== Segment start ==

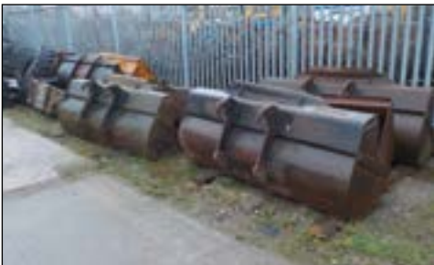
Large Selection of Buckets
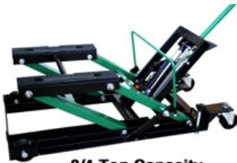
3/4 Ton Capacity Motorcycle/ATV Jack
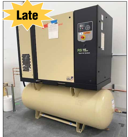
Ingersoll Rand Air Compressor
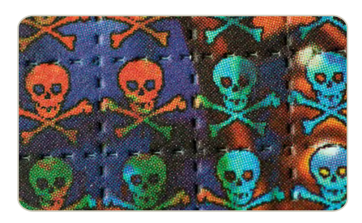
LSD blotter paper

During the first hour after ingestion, people may experience visual changes with extreme changes in mood. While under the influence, the person may suffer impaired depth and time perception accompanied by distorted perception of the shape
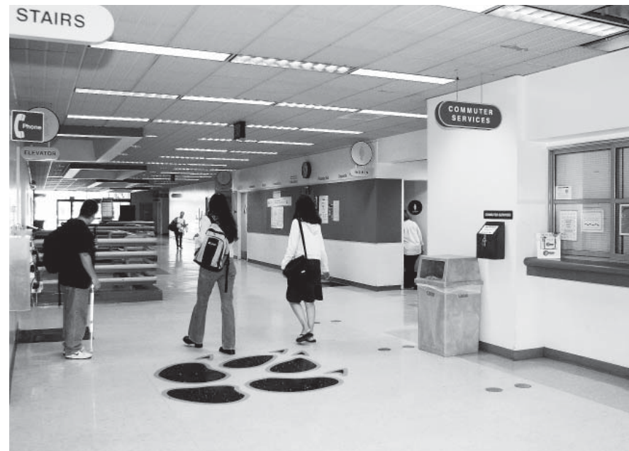
Inside University Hall

CSUSB is normally open for business from 8 a.m. to 5 p.m., Monday through Friday. If a summer schedule is in place, the hours are 7 a.m. to 5:30 p.m. Monday through Thursday, closed on Fridays, during the designated summer months. You will be assigned a work schedule and you will be expected to begin and end work promptly according to your schedule. In order to accommodate the needs of our business, it may be necessary to
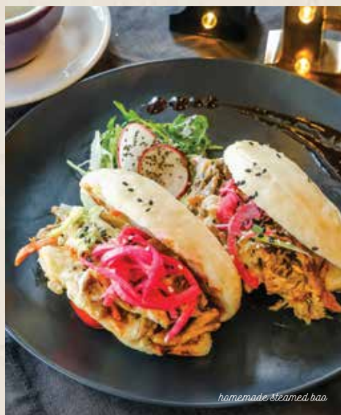
homemade steamed bao
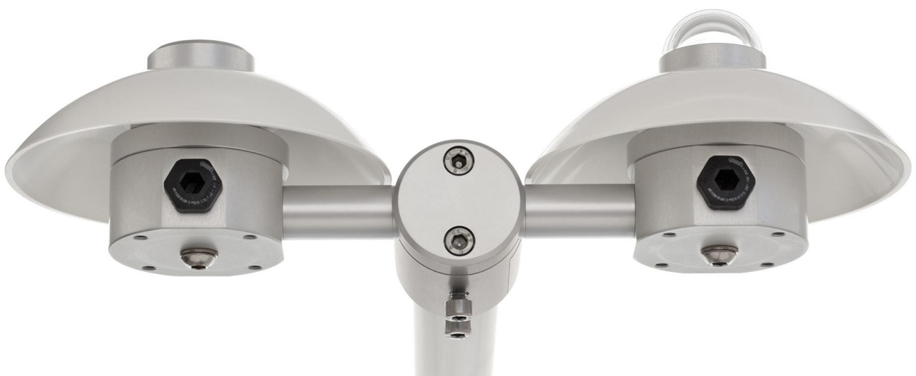
Figure 1 RA01 2-component radiometer

RA01 is a market leading 2-component radiometer, mostly used in scientific-grade energy balance and surface flux studies. It offers 2 separate measurements of solar and longwave radiation. Product features include a modular design, low weight, and easy levelling, and low solar offsets in the longwave measurement. The unique capability to heat the pyrgeometer reduces measurement errors caused by dew deposition. When combined with estimates of solar albedo and of local surface temperature, this instrument can also be used for estimation of net radiation. The advantages of this approach are cost reduction and independence from local surface properties.
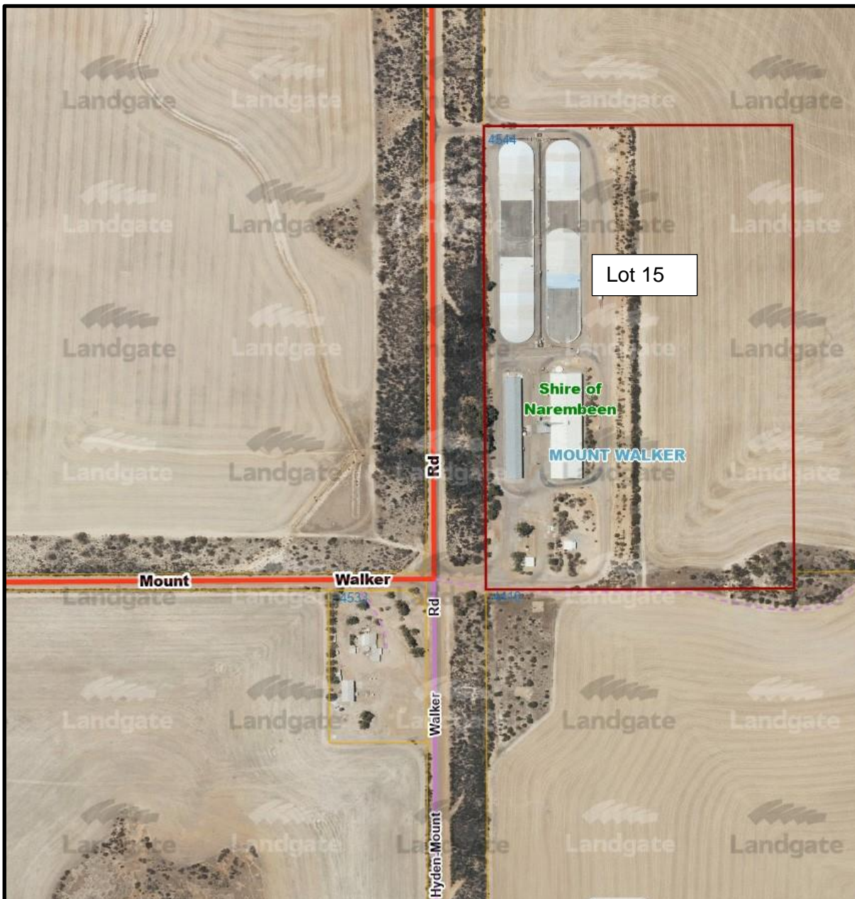
Above: Aerial showing Lot 15

At the Ordinary Council Meeting held on the 19 July 2022, Council resolved to grant delegated authority to the Chief Executive Officer to deal with requests seeking an exemption from the need for planning approval for temporary works (MIN 7464/22) .
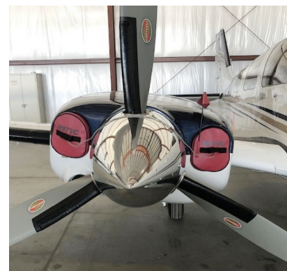
Beech Baron 58P Engine Inlet Plugs
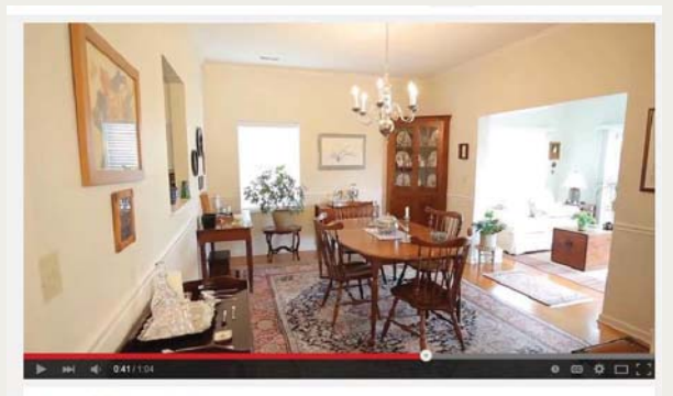
Kendal at Lexington - Cottage

2000 Sq.Ft Stand-Alone Cottage (Floor Plan U)
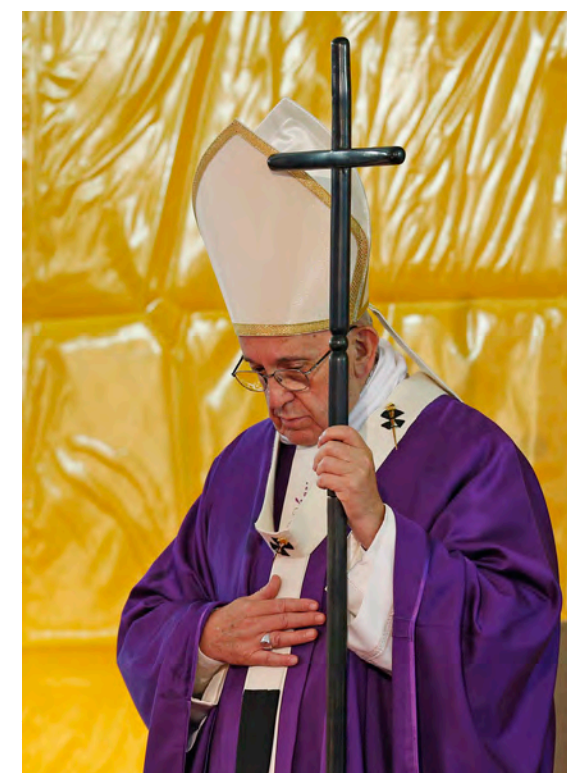
Pope Francis holds his pastoral staff as he celebrates Mass in Rome’s Prima Porta Cemetery on Nov. 2, 2016, All Souls Day.

Pope Boniface IV changed the date for the feast to May 13 in the year 610. On that day, he dedicated a church at the site of the ancient Roman Pantheon, which had been built as a temple to “all gods.”

== Segment end ==

When pictures appear in the records above, leave them out and reproduce exactly each line from the first through the line containing "LSD blotter paper", both included.

> **EXERCISE ANSWER**:
Large Selection of Buckets
3/4 Ton Capacity Motorcycle/ATV Jack
Ingersoll Rand Air Compressor
LSD blotter paper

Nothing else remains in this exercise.